The paper posted below resulted from just under three years of work at the DIII-D National Fusion Facility. The big result is that we were able to engineer a big change to the 20+ MW neutral beam system such that the beams can change their voltage during plasma shots. Lots of tokamaks use neutral beams to heat the plasma. The DIII-D beams operate at 60 A and up to about 90 kV and, like every other tokamak neutral beam in history, previously required that their voltage setting was fixed for the entire shot. Changing the voltage of the beams during a plasma shot allows for a much greater flexibility in affecting plasma waves (by way of changing resonances) and controlling the plasma rotation.
Fundamentally, changing the voltage of the beams will change the velocity of the particles, which means the velocity of the resulting ions (once the injected neutrals are ionized by the background plasma) is controlled. The initial voltage also determines where in the plasma the neutrals ionize. All of these properties can now be controlled and maybe someday they can be feedback controlled, which would really unleash the promise of this capability because then the beams can respond to plasma behavior in order to optimize.
I’m excited for the implementation of this in future experiments.

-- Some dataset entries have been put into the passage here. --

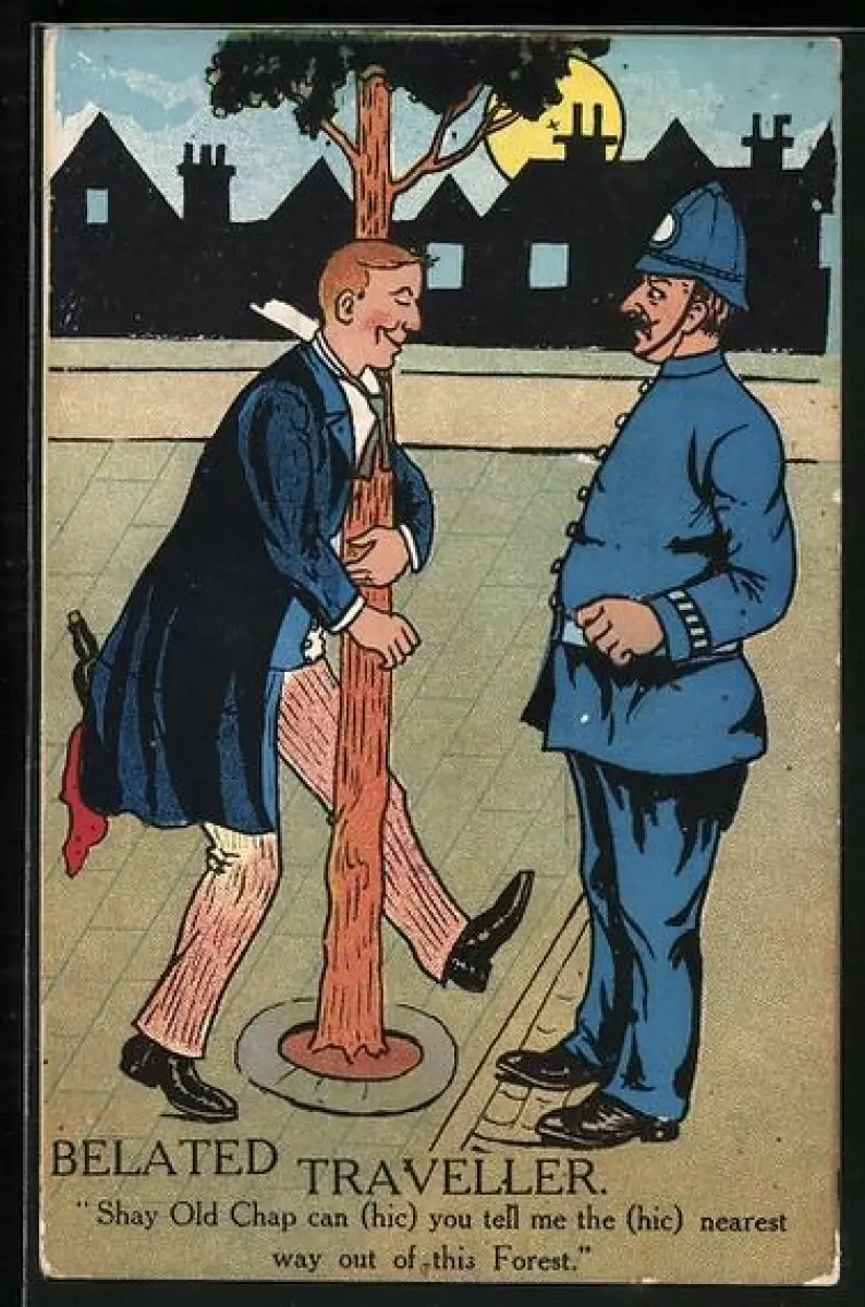Künstler-AK Betrunkener umarmt einen Baum, Belated Traveller, Sha Old Chap can (hic) you tell me the (hic)...
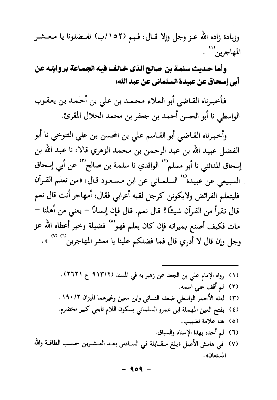 وأخبرناه الْقَاضِي أَبُو الْقَاسِمِ عَلِيُّ بْنُ المحسن بن علي التنوخي، نا أَبُو الْفَضْلِ عُبَيْدُ اللَّهِ بْنُ عبد الرحمن بن محمد الزهري، قالا: نا عبد الله بن إسحاق المدائني، نا أبو مسلم2 الواقدي، نا سلمة بن صالح3 عن أبي إسحاق السبيعي، عن عبيدة4 السلماني، عن ابن مسعود قال: "من تعلم القرآن فليتعلم الفرائض، ولا يكونن كرجل لقيه أعرابي، فقال: أمهاجر أنت؟ قال: نعم، قال: تقرأ من القرآن شيئا؟ قال: نعم. قال: فإن إنسانا ـ يعني من أهلنا ـ مات، فكيف أصنع بميراثه؟ فإن كان يعلم فهو5 فضيلة وخير أعطاه الله عز وجل، وإن قال لا أدري، قال: فما فضلكم علينا
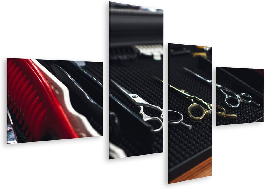 Bild auf Leinwand Barbershop Thema Die Werkzeuge des Friseurs Geräte Wandbild Poster Kunstdruck Bild
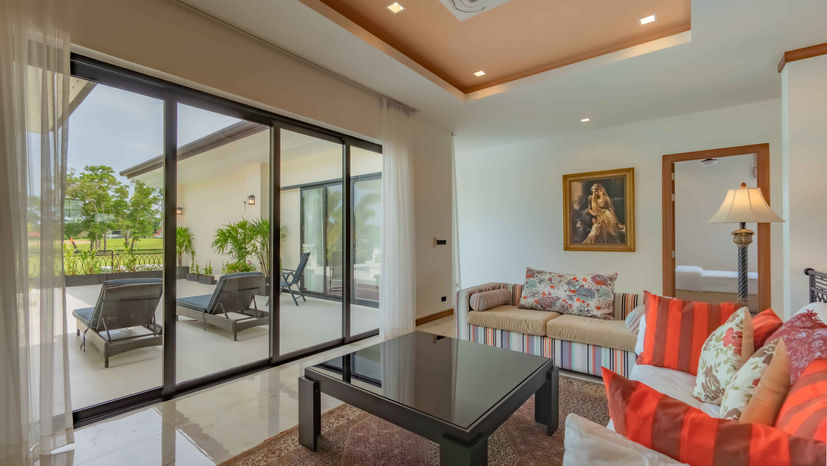 Villa Viola’s warm and luxurious poolside area epitomizes a tropical villa holiday. Unwind after a long day on the poolside sunbeds and soak in the panoramic views of the bright blue sky over the undulating golf course or continue to laze and witness stunning sunset with sky turning with hues of red and yellow. With a15-meter swimming pool surrounded by lush greenery, it’s an idyllic spot to enjoy the serene ambiance. Behind the pool lies an outdoor gazebo/Sala that provides a charming spot for morning tea or coffee, and a dedicated gazebo bar for sunset drinks,. The open-air sala is perfect for al fresco dining under a blanket of stars, creating unforgettable evenings.
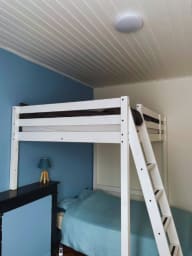 - 2 chambres, l'une avec un lit double et l'autre avec deux lits double d'ont un lit double en hauteur ;
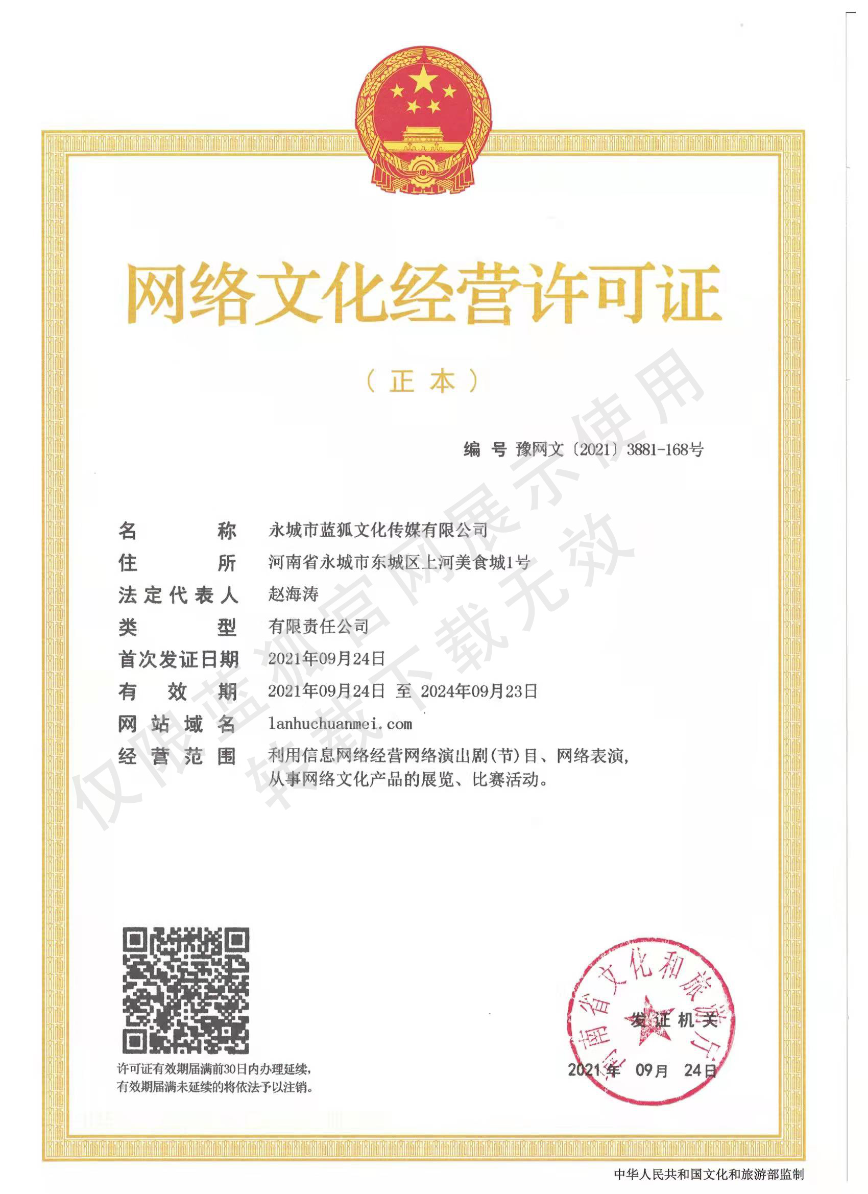 蓝狐文化传媒有限公司是一家具备文化传媒专业化运作和文化产业规模化经营的新兴文化艺术创作公司,拥有大量优秀人才,各类资源设施储备充足,专业培养打造网红、艺人、演艺经纪人,同时包含影视制作、商业宣传等传媒工作。本公司坚持弘扬社会主义核心价值观、以传播绿色文化为己任,多年来积累了丰富的经验、打造出大量成功案例,在同行业中享有优良声誉,品牌形象获得社会各界普遍认可。
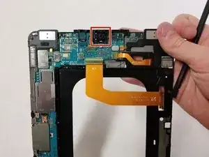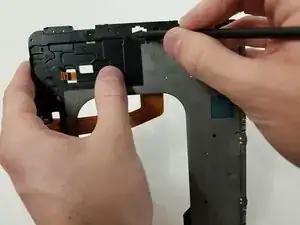 Переверните материнскую плату и найдите ленточный кабель, присоединяющий заднюю камеру к плате. Аккуратно отщёлкните ленточный кабель от платы плоским концом лопатки.
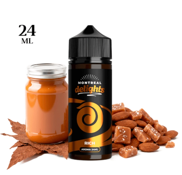 Montreal Delights Rich destaca por su intenso perfil de dulce de leche, suavizado con caramelo ligeramente saladoalmendras y un característico toque de tabaco que aporta profundidad y equilibrio. Las técnicas de ósmosis inversa de Montreal Original garantizan un tabaco limpio, realista y de gran persistencia.

To some extent, however, we don’t really know all the ways to use the beam voltage control and it will likely be a few years before we get into the swing of using it. The results described below originated from the testing of the beams following the changes to allow in-shot voltage control. There is at least one new experiment scheduled in 2017, focused on controlling plasma waves, so hopefully we’ll have some advanced results soon.
This paper appears in Nuclear Fusion as,
D.C. Pace, C.S. Collins, B. Crowley, B.A. Grierson, W.W. Heidbrink, C. Pawley, J. Rauch, J.T. Scoville, M.A. Van Zeeland, Y.B. Zhu, and the DIII-D Team, Nucl. Fusion 57, 014001 (2017).
You can download the Accepted Manuscript (PDF, 2.3 MB).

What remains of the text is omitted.